Parents can also try putting their phones away at certain times, such as when they get home from work, school or daycare, she explained. “Mealtimes, bedtimes: these can be times when you set a rule for your family that there are no screens.”
Speaking of other screens, while I never give my daughter a phone, I’m more lax when it comes to television. Sometimes, while playing, she catches a minute or two before I can distract her again. I feel bad about this. But Kennedy-Moore does not see many problems with this.
“Is watching television high-quality interaction for a young child? No,’ she said. “But does every moment have to be high-quality stimulation? If the child gets enough stimulation for the remaining 24 hours, minus seven minutes, I can’t imagine it makes any difference.”
She also says she needs to think about what screen time is replace. I don’t want to replace connecting during meals with… Bluish. The same goes for changing diapers.
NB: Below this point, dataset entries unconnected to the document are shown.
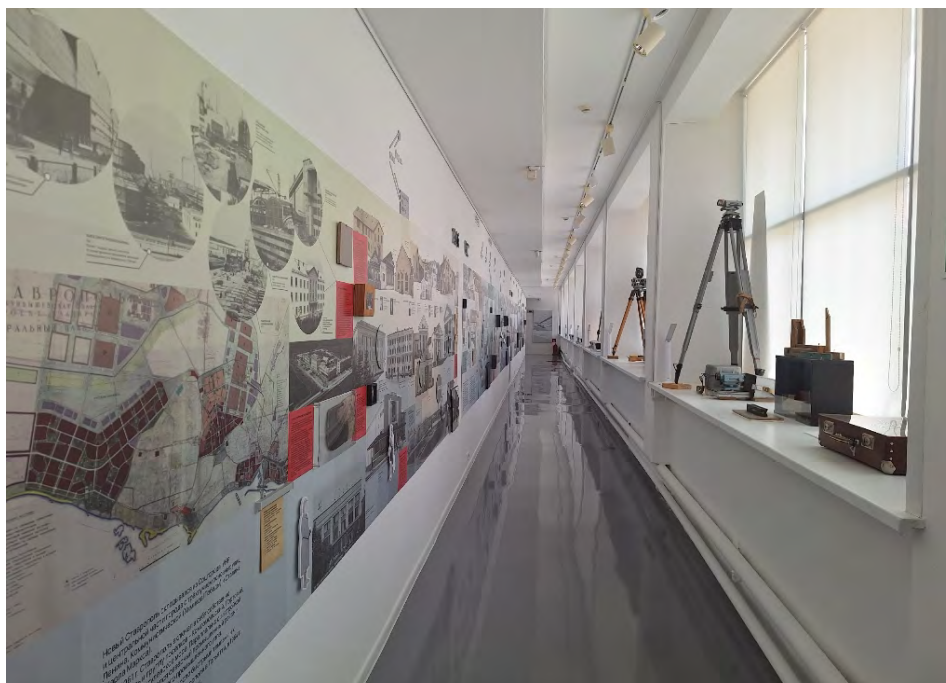
Новое экспозиционно-выставочное пространство «Переход» в экспозиции «20 век: Ставрополь-Тольятти»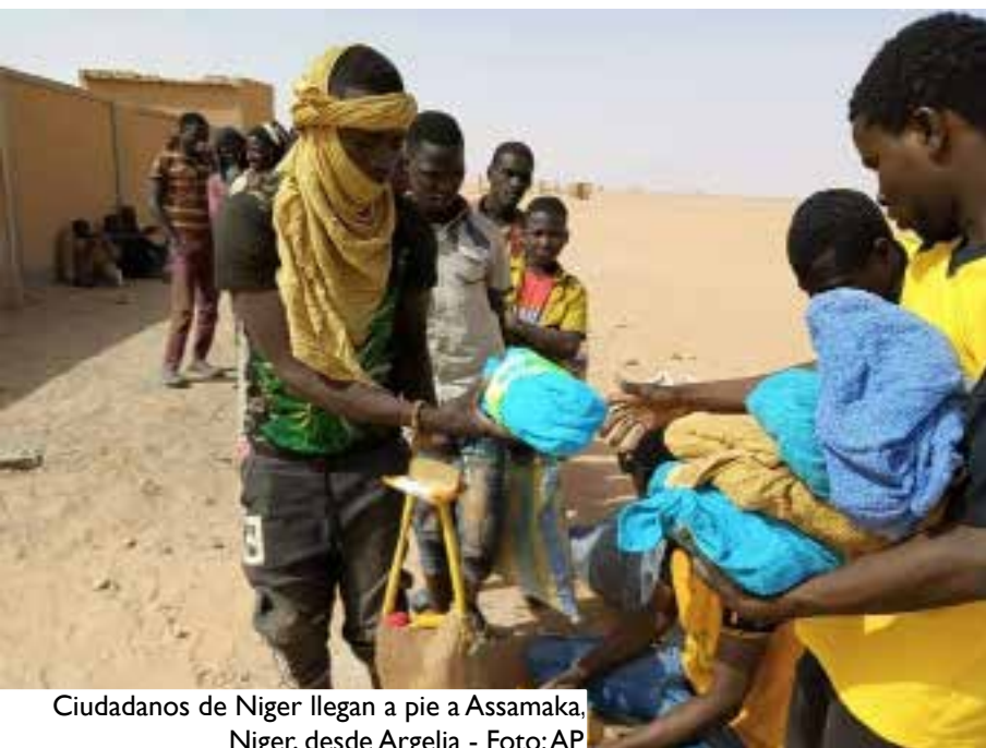
Ciudadanos de Níger llegan a pie a Assamaka, Níger, desde Argelia

“salvar vidas debe ser la principal prioridad” de todo gobierno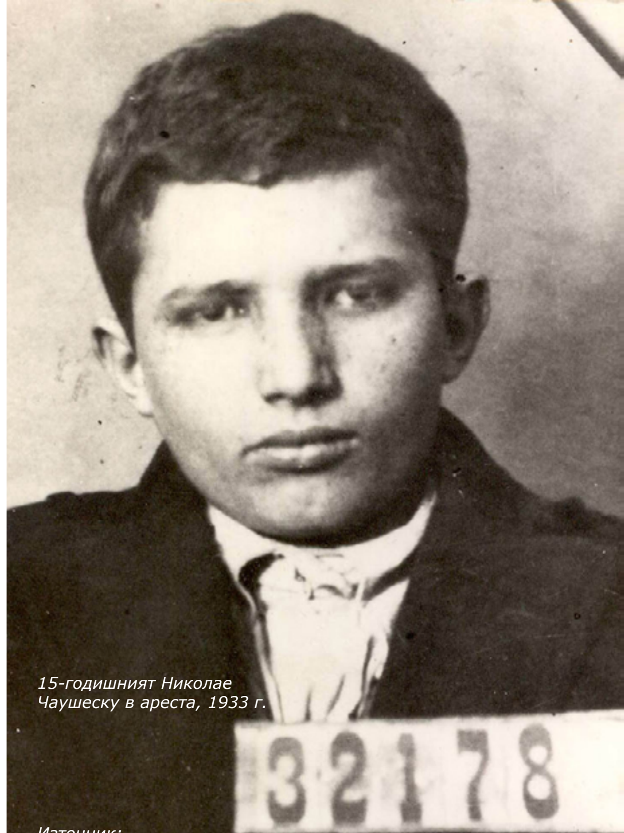
15-годишният Николае Чаушеску в ареста, 1933 г.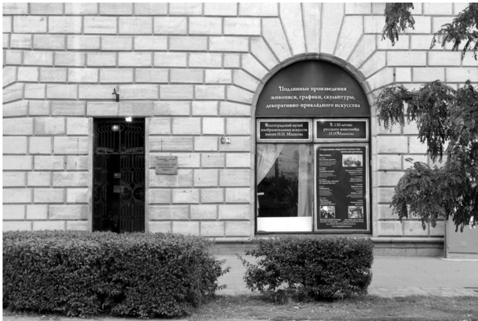
Рис. 10. Музей изобразительных искусств им. И. И. Машкова, г. Волгоград

нет более постоянного, чем временное. Сегодня единственный художественный музей региона занимает два встроенных помещения в жилых домах на проспекте Ленина и улице Чуйкова, которые не отвечают требованиям к хранению экспонатов и не позволяют музею в полной мере реализовать выставочный и творческий потенциал. Вместе с тем здесь находится вторая в мире по количеству и значимости работ коллекция Ильи Машкова — его картин в музее больше, чем в Третьяковской галерее. Вопрос о строительстве специального здания не решен до сих пор.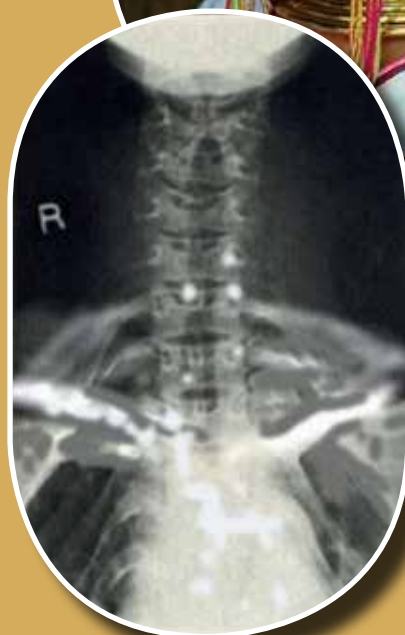
Nyakkarikákat viselő asszony nyaki röntgenképe (Burma)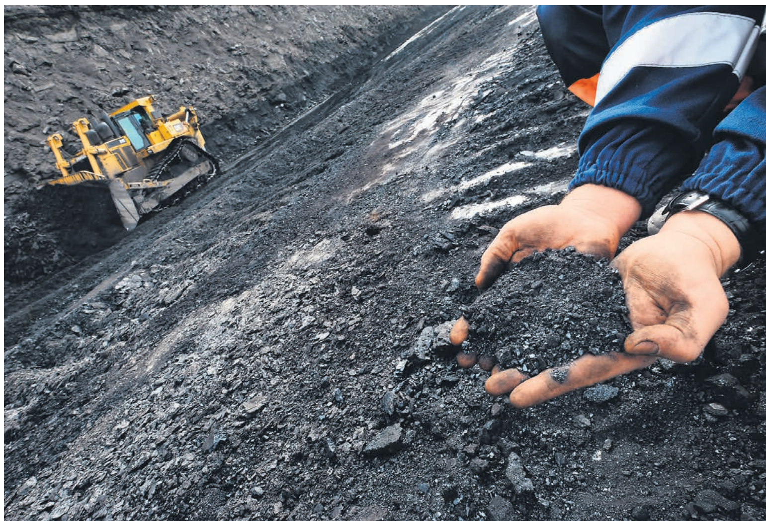
Тема наращивания экспорта угля на восток предстала в новом разрезе

В письме господин Сечин просит президента «обратить внимание руководства ответственных ведомств и транспортных монополий на важность безусловного выполнения решений», принятых комиссией по ТЭКу в августе 2018 года на совещании в Кемерово (см. «Ъ» от 26 июля и 28 августа 2018 года). Тогда, пишет господин Сечин, было поручено расширить Восточный полигон так, чтобы он пропускал на восток 195 млн тонн российского угля к 2025 году, из них не менее 100 млн тонн в направлении портов Приморского края и не менее 85 млн тонн на Ванино-Совгаванский узел. Отметим, что в других документах настолько амбициозные цифры не содержатся: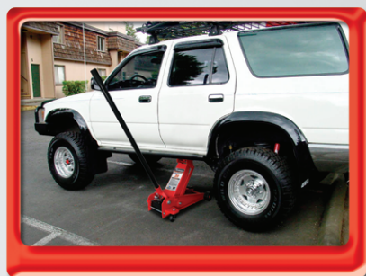
Incluye palanca de 1 m de largo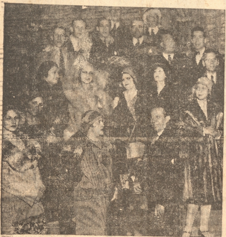
GRUPO DE ARTISTAS DE LA COMPANIA CALVET ANOCHE DURANTE EL ENSAYO

Un género nunca visto en Concepción. — Valioso decorado expresamente confeccionado para el género. — Elenco especializado en el género y de los más numerosos que nos han visitado. — Temporada a base de estrenos y precios populares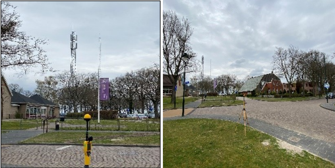
Figuur 1, en 2: Foto's van de breedbandige outdoor meetopstelling.

Op de foto's hierboven (figuur 1 en 2) is de breedbandige outdoor meetopstellingen te zien. Het meetapparaat staat op straat. De dichtstbijzijnde vast opgestelde antenne-installatie is vanuit de meetlocatie te zien.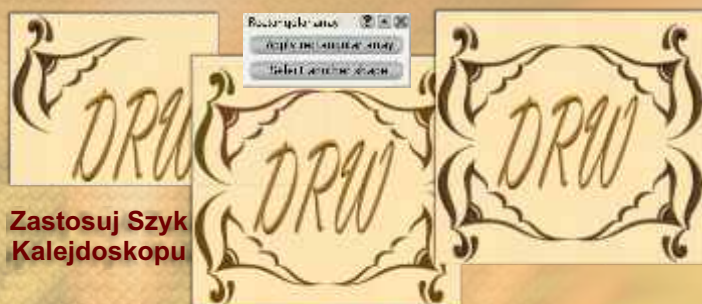
Zastosuj Szyk Kalejdoskopu

Z zaawansowanym narzędziem Szyk Prostokątny wyborem masz możliwość obrócić obiekt i odbić lustrzaną kopię bez gubienia możliwości edytowania ich i utworzyć łatwo unikalne projekty. Masz też możliwość utworzyć klony, które skopiują jakąś transformację, którą robisz w projektowaniu źródłowym.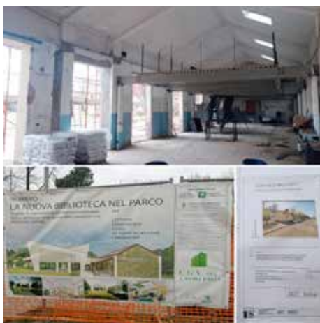
La nuova Biblioteca nel parco

È entrato nel vivo il cantiere per la realizzazione della sede stradale di via delle Betulle, la nuova strada perpendicolare a via San Nazzaro in prossimità di via dei Pini. Oltre alle opere legate alla nuova strada (che includono specifici interventi al sistema fognario e la posa dei sottoservizi) è prevista la realizzazione di una nuova area parcheggio per un totale di 19 stalli di sosta con ingresso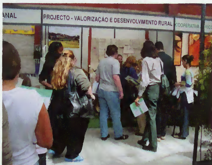
Mercado Ferreira Borges

população. A Feira que decorreu, no Mercado Ferreira Borges, no Porto, incidiu sobre temáticas como a economia local, com particular destaque para as actividades relacionadas com o turismo e a agricultura. A participação neste evento, com o intuito de informar e sensibilizar o produtor e consumidor para a qualidade dos produtos agrícolas, pretendeu, igualmente, divulgar as potencialidades do Concelho nos domínios do turismo, do património natural e paisagístico, bem como do artesanato, dos produtos agro-alimentares e da gastronomia regional.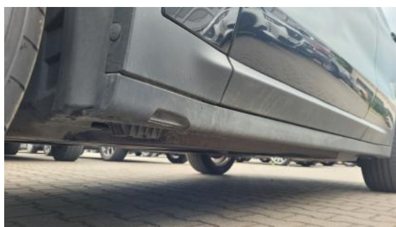
Fot. 12 Próg lewy (widok od przodu)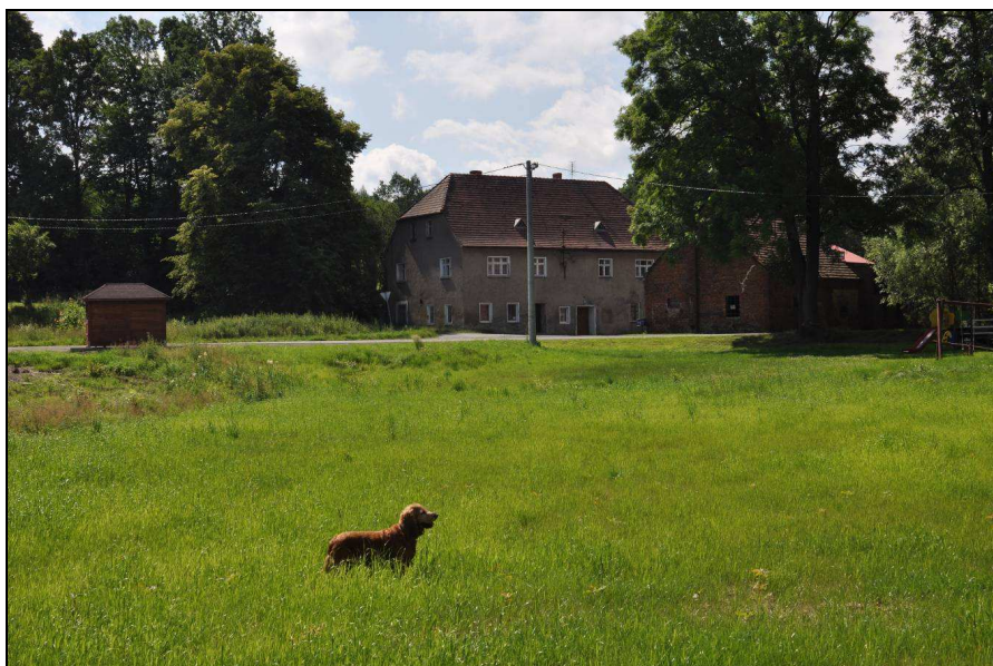
Fot. 2: Wgląd na teren w Krzewiu Wielkim

Obsługę komunikacyjną terenu opracowania zapewnia przede wszystkim droga krajowa nr 30: Zgorzelec (A4)- Lubań – Gryfów Śl. – Jelenia Góra przenosząca znaczny ruch tranzytowy od granicy polsko- czeskiej (Jakuszyce) do granicy polsko- niemieckiej (Jędrzychowice, Zgorzelec, Radomierzyce) oraz droga wojewódzka nr 364 prowadząca z Gryfowa Śl. przez Lwówek i Złotoryję do Legnicy. Bezpośrednią obsługę poszczególnych posesji zapewnia sieć dróg lokalnych, dojazdowych i wewnętrznych oraz technologicznych (rolniczych).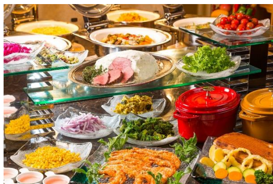
ブッフェ料理 イメージ

ワイン（赤・白）、サワー各種、果実酒各種、ハイボール、焼酎（芋・麦）、ウイスキー ソフトドリンク各種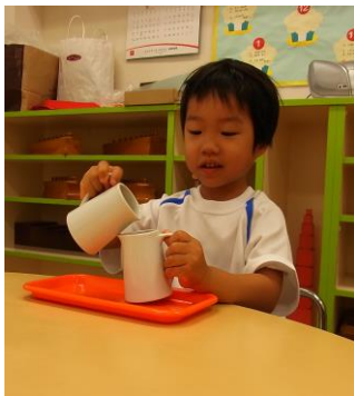
お仕事しています・・・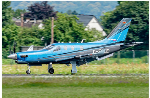
Der Flugplatz mit dem IATA-Code SMV war Ausgangspunkt der Socata TBM-930 D-FELE, welche am 24. Juni in Graz landete.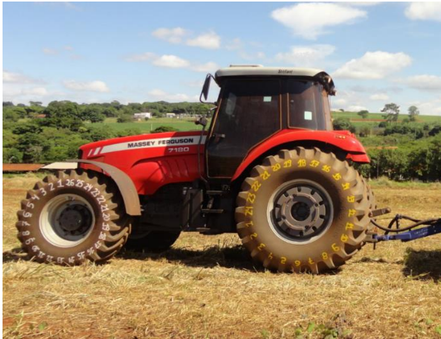
FIGURA 3. Trator utilizado na semeadura

O delineamento experimental foi em blocos casualizados, com três regulagens de profundidade de semeadura (parcelas) 8 (regulagem 1), 6 (regulagem 2) e 4 cm (regulagem 3). Os dois mecanismos de transmissão (subparcelas) que acionam o disco dosador de sementes foram: corrente encapsulada (mecanismo 1) e o cabo Elliot (mecanismo 2). As avaliações foram feitas na área útil, que correspondeu aos 10 m centrais da fileira central de cada mecanismo de transmissão do dosador de sementes, com área de 4,5 \text{ m}^2 ( 0,45\text{m} \times 10\text{m} ). Os componentes de produtividade do milho avaliados foram os seguintes: profundidade de semente, índice de velocidade de emergência, população inicial das plantas, população final das plantas, distribuição longitudinal de plantas de milho e produtividade de grãos. Para análise da profundidade de semente, foi realizada a coleta de três plântulas por subparcela e aferida a distância da semente ainda presa a radícula ao colo da plântula (Figura 4).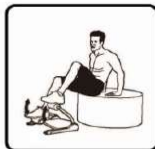
Jízda na kole

My baby needs to figure out how to survive two minutes of boredom without a screen, even if the swaying is rough in the short term. But maybe TV during a plane trip is fine.
The fact remains that my own phone use makes devices seem more attractive to my daughter – as if the digital slot machine in my pocket needs any help with that. The greatest minds of my generation got filthy rich making these phones addictive, and here I am to help them sell their technology to a 1-year-old.
Luckily, Kennedy-Moore has tips for cutting back, in addition to the phone precautions I’ve learned to avoid with ease.
The first is to reward yourself, she said. Instead of stealing glances from social media and TV all day long, when I should be focusing on my baby instead, I tell myself that later, after she’s asleep, I can bathe in the glow of screens without guilt. “It’s always easier to replace a behavior than to stop it,” she said. “What are you going to do when you would normally scroll? What would be meaningful and satisfying to you?”
The answer is connecting with my daughter. Now I realize that it is not feasible to do this 100 percent of the time; my daughter doesn’t even want that. But if she wants my attention, I can make sure I stay phone-free. And when she plays independently, I can check my lyrics. The doctor said So.